Rantala’s devotion to John Lennon is evidenced by his album My Working Class Hero, and his treatment of Lennon’s Woman starts with some evocatively deadened sounds in the bass register before teasing out the song with rich, full harmonies. Contrasting phases fit together well: handsome classical rubato develops into agile improvising; a gospel rock groove recalls Keith Jarrett and also soulful pianist Richard Tee, two of Rantala ’s influences. His Finnish Calendar album links the months with aspects of the Finnish character, both humorous and darker. November here has a limpid gracefulness- you feel it must have lyrics somewhere in another existence. His control of dynamics is amazing- each finger seems to have an individual life of its own. The delicate improvisation with a bluesy lift is quite gorgeous.
Bernstein‘s musical Candide is not so often heard in a jazz context and Rantala plays the Overture with buckets of brio as the score demands.
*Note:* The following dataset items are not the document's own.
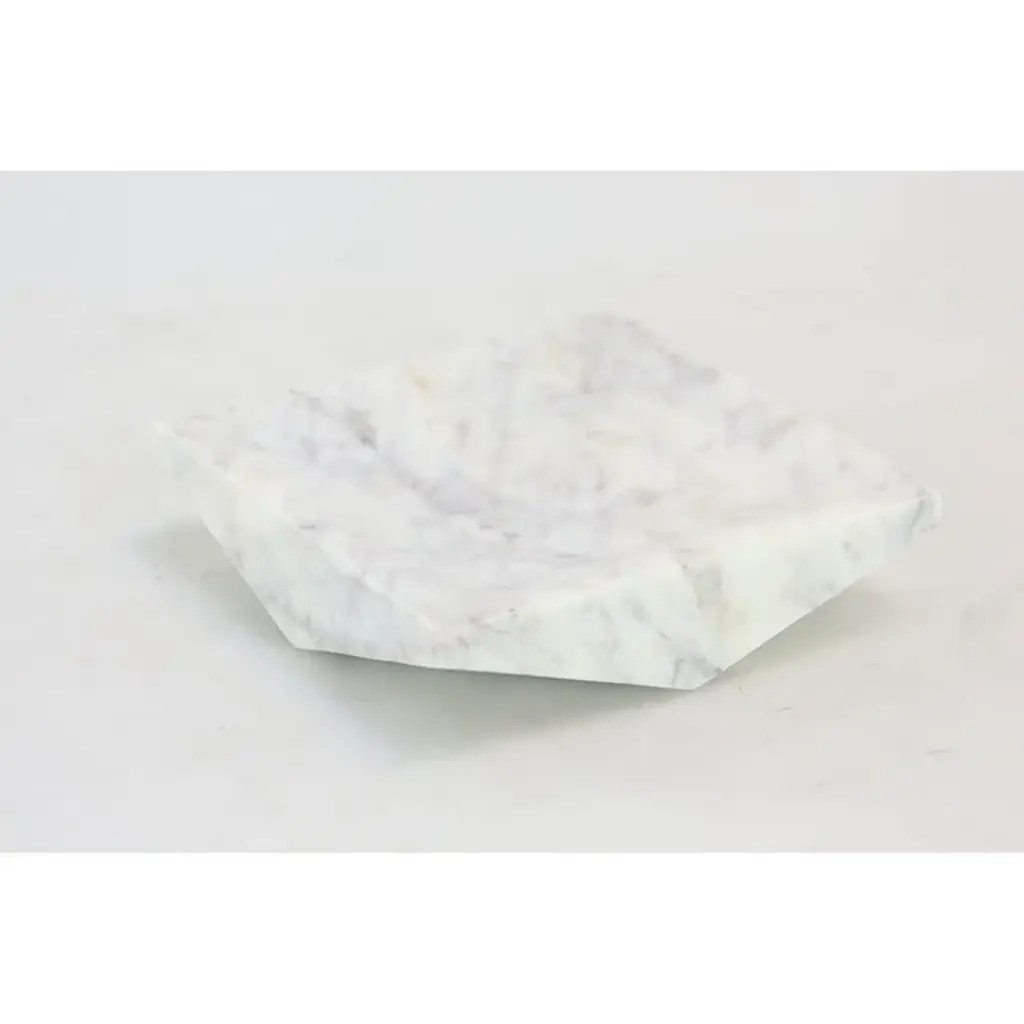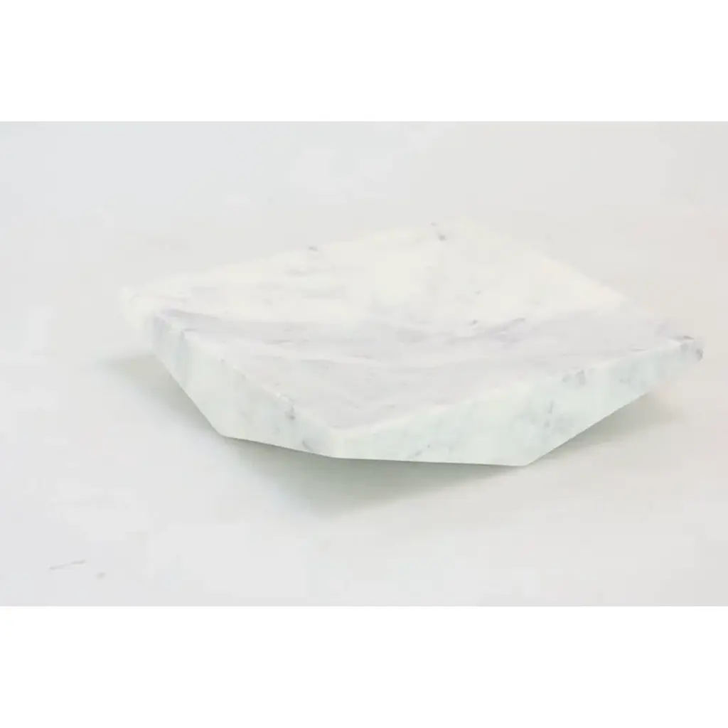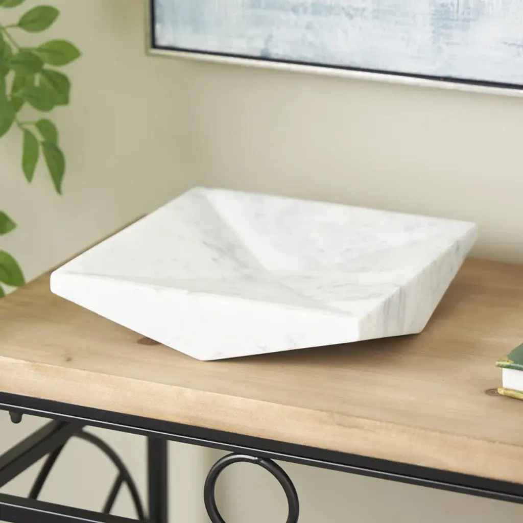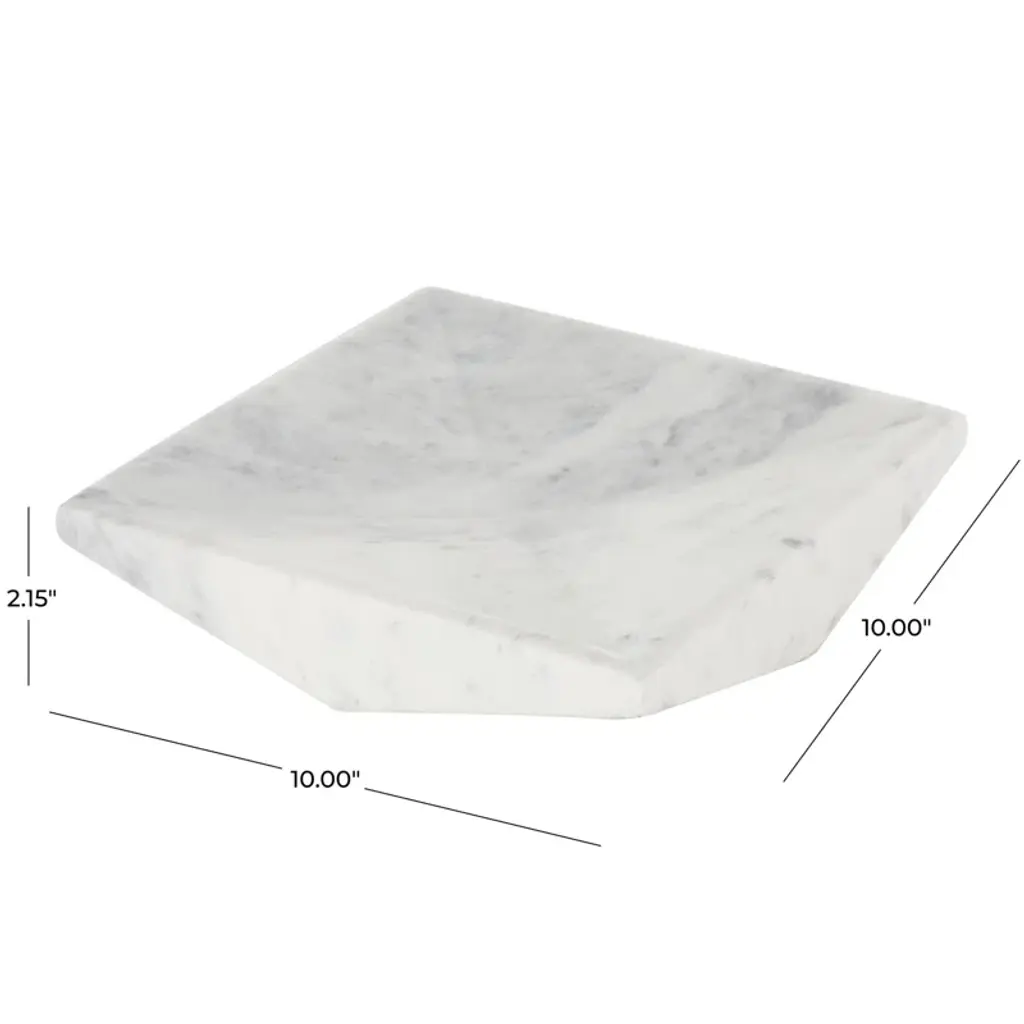 This geometric tray can be used as a stylish centerpiece for your coffee table. Designed with felt or rubber stoppers at the base that prevent scratching furniture and table tops, as well as sliding around. Please note that this item is for decorative purposes only and is not food-safe. Suitable for indoor use only. Marble is a product of nature and no two pieces are exactly alike. It is prone to variations in color and/or patterns in the material that add to the beauty and charm of the piece.. Made in India. This is a single white colored ottoman tray. Modern style.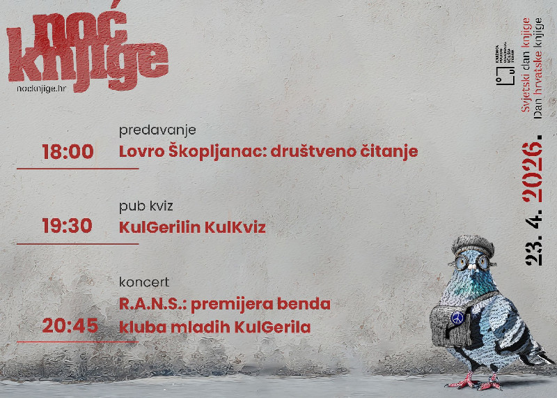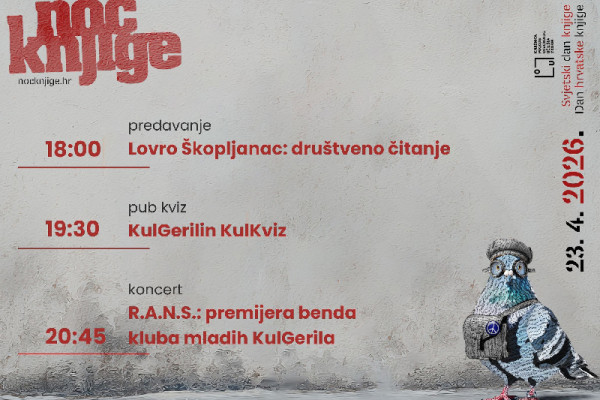 Dragi svi, želite li provesti nekoliko ugodnih, zabavnih i inspirativnih sati s nama? Obećavamo da ćemo nakon Noći knjige svi biti barem mrvicu pametniji, veseliji i bogatiji za još jedno zajedničko iskustvo, jer vas čeka: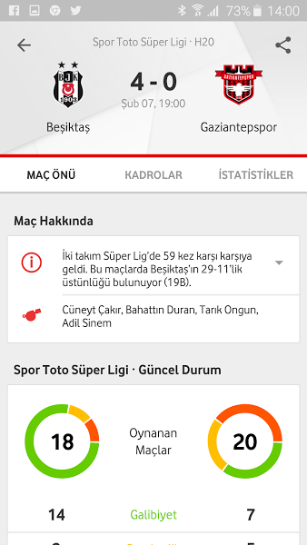 * Maçla ilgili Özel istatistikler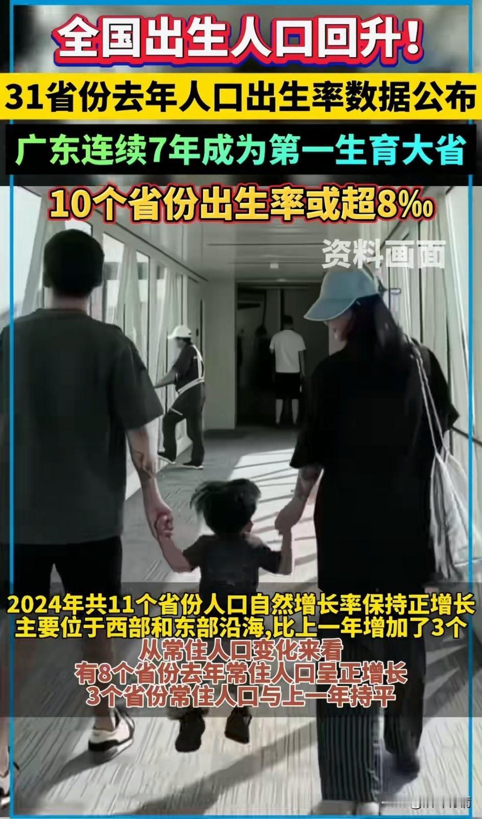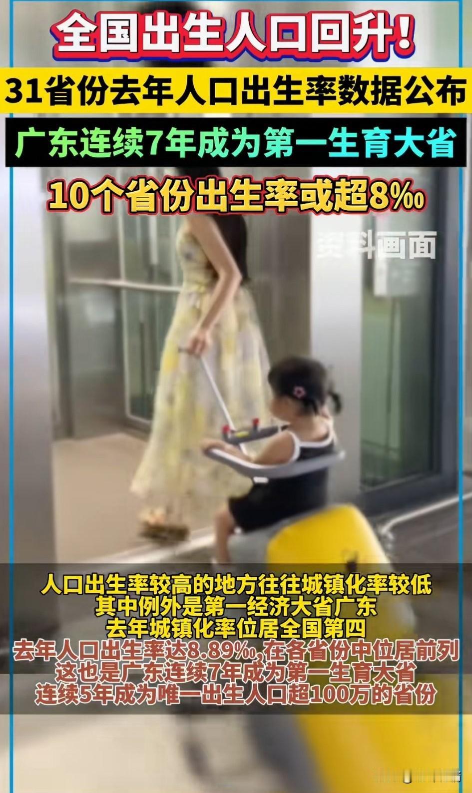 近日公布的全国出生人口回升引关注, 不是说中国的出生人口不断下降吗? 原来这是2024年的数据, 那一年为啥出生这么多, 想必大家都知道原因, 谁不想有一个龙宝宝, 毕竟十二生肖是有魔力的, 所以说也不用惊讶, 因为现在的结婚率依旧低迷, 这就决定了出生人口依旧不容乐观, 不信你到时候可以看2025年的出生数据,值得关注的是广东连续7年成为第一声生育大省,可能是潮汕文化多子多福的原因,再加上那里经济发达, 出生人口比较高也不足为奇, 我国的出生人口依旧不容乐观, 幼儿园倒闭潮和小学合并就是例证! 大家对于广东出生率远高于其他地方怎么看? 中国出生人口率 人口出生率 出生人口新趋势 出生率对比 新出生人口下降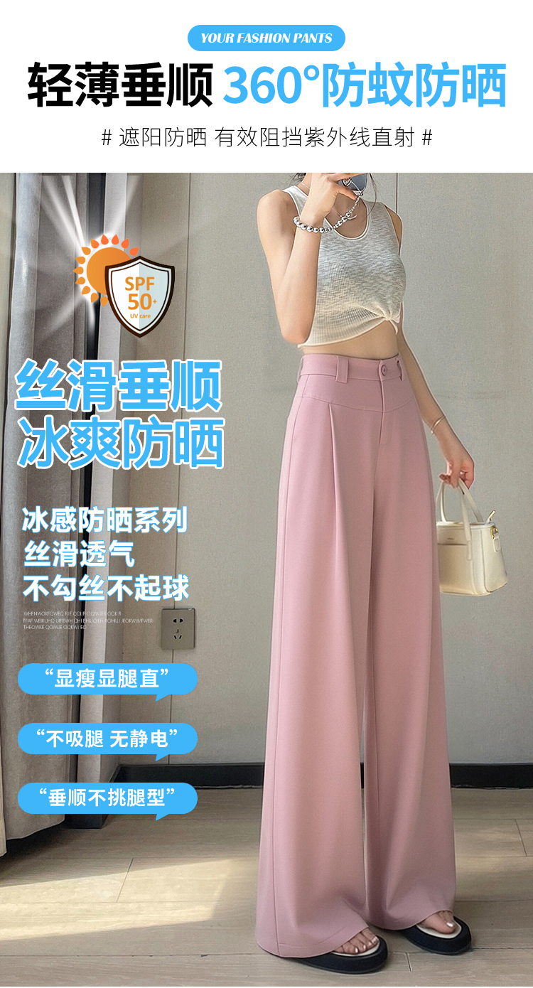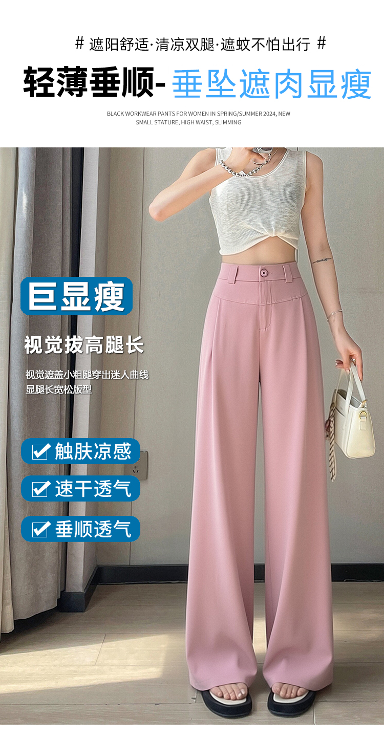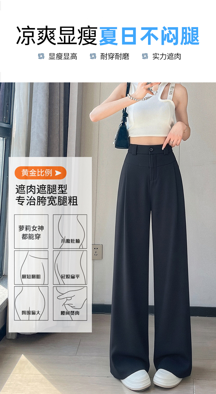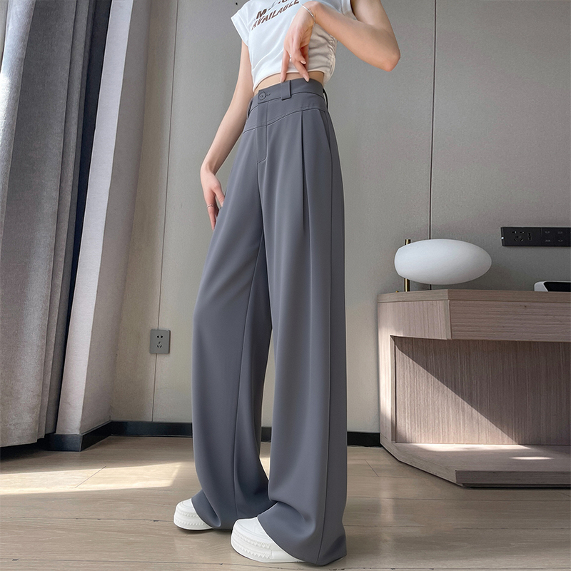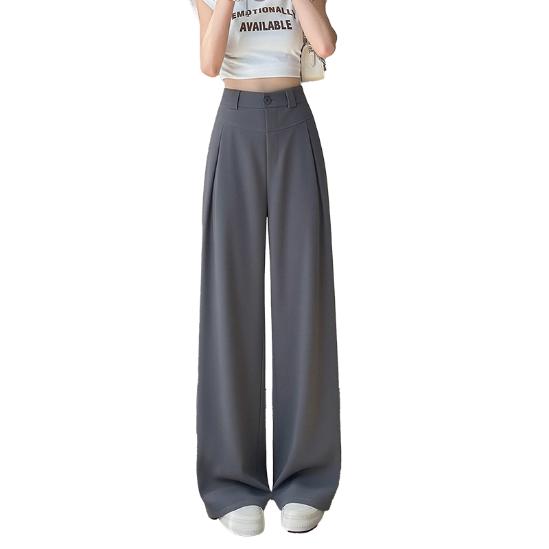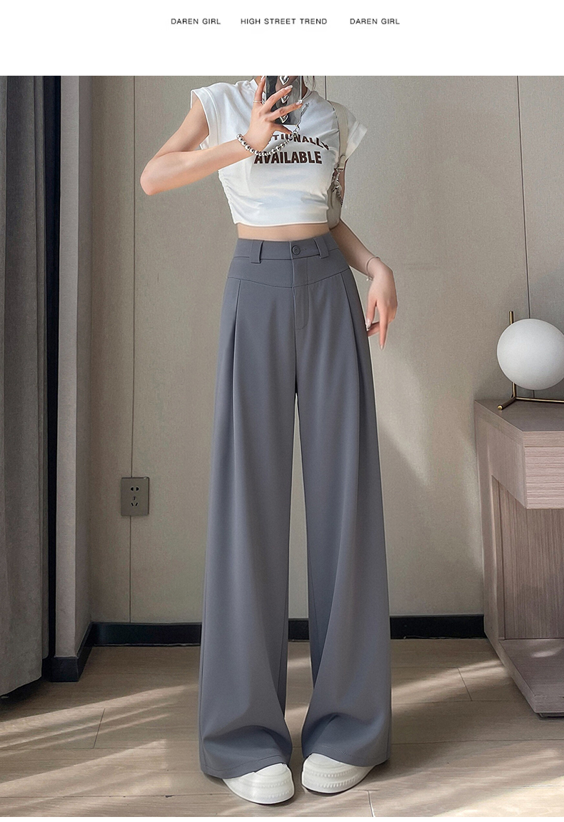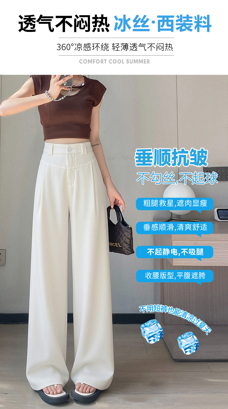 RY2868# 灰色西装裤女夏季薄款高腰显瘦高级感垂感西裤冰丝窄版直筒阔腿裤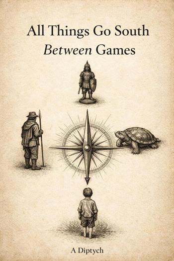 All Things Go South // Between Games A Diptych There are directions we trust without question. Until they stop working. In All Things Go South, a hunter follows a path that seems simple—until space, purpose, and intention begin to drift. Movement becomes uncertain. Orientation dissolves. What begins as a journey becomes something harder to name: a quiet confrontation with the structure of experience itself. In Between Games, a different world unfolds. Players inhabit a reality without death, without finality, without consequence. They can reset, repeat, and rebuild endlessly. But as memory falters and meaning thins, a question emerges: What becomes of a life that cannot end? Across two distinct yet resonant narratives, this collection explores: the relationship between movement and meaning the role of memory in suffering and identity the tension between completion and repetition Precise, atmospheric, and quietly unsettling, All Things Go South // Between Games is a work of philosophical fiction that lingers—less like a story told, and more like a question left open.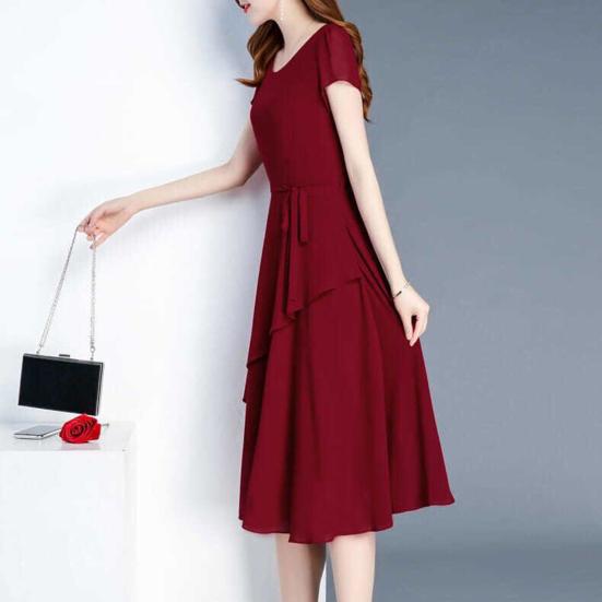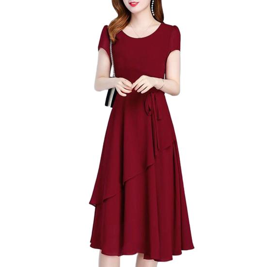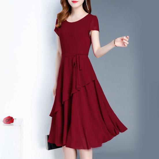 Это элегантное платье изготовлено из мягкого и легкого полиэстера, обеспечивающего комфорт в течение всего дня.. Шнуровка на талии подчеркивает изгибы фигуры, создавая изящный силуэт.. Это однотонное платье идеально подходит для разных случаев и излучает элегантность и стиль..
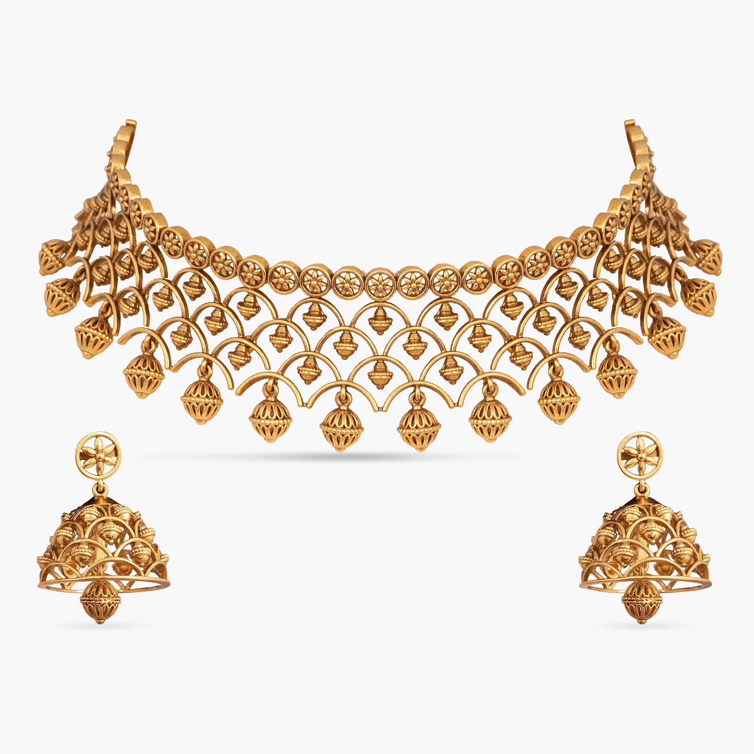 This gorgeous yet simple choker set is designed for day events. The Kumud Choker from Tarinika Classics is designed with geometric filigree patterns based on antique gold tone with dangling metal balls. Be it a brunch party or a special event - this will be a perfect partner.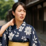 衣紋とは、首の後ろと浴衣の襟の間の隙間のことです。ここをこぶし一つ分ほどしっかり開ける(抜く)ことで、首筋から背中にかけての風の通り道ができ、熱気を逃がすことができます。ここは見た目の美しさだけでなく、涼しさのためにも重要なポイントです。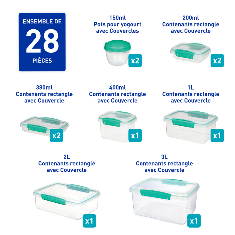 Dette smarte opbevaringssæt fra sistema indeholder følgende: 1 x 3 L Klip It, 1 x 2 L Klip It, 4 x 1 L Klip It, 2 x 400ml Klip It, 2 x 380ml Klip It, 2 x 200ml Klip It, 2 x150ml med skruelåg.

He breaks off for an interlude of boppish improvisation, all with sparkling energy. Potsdam was recorded the day after the death of Stephen Sondheim, lyricist for Bernstein’s Somewhere. “Sondheim was magical,” says Rantala, and he plays a slow, beautiful tribute with gospel cadences and grace notes. The spaciousness of his treatment perhaps owes something to the openness of some of Sondheim’s own musical compositions.
Rantala knows how to keep the audience on the edge of their seats with his extraordinary range of styles and moods, his incredible pianistic skills and, most of all, melodies that stay in your head.
Potsdam is released on ACT on (UK release date) 8 April 2022.
One Response
Indeed, great album. Somebody should bring him to London for a gig (or two)!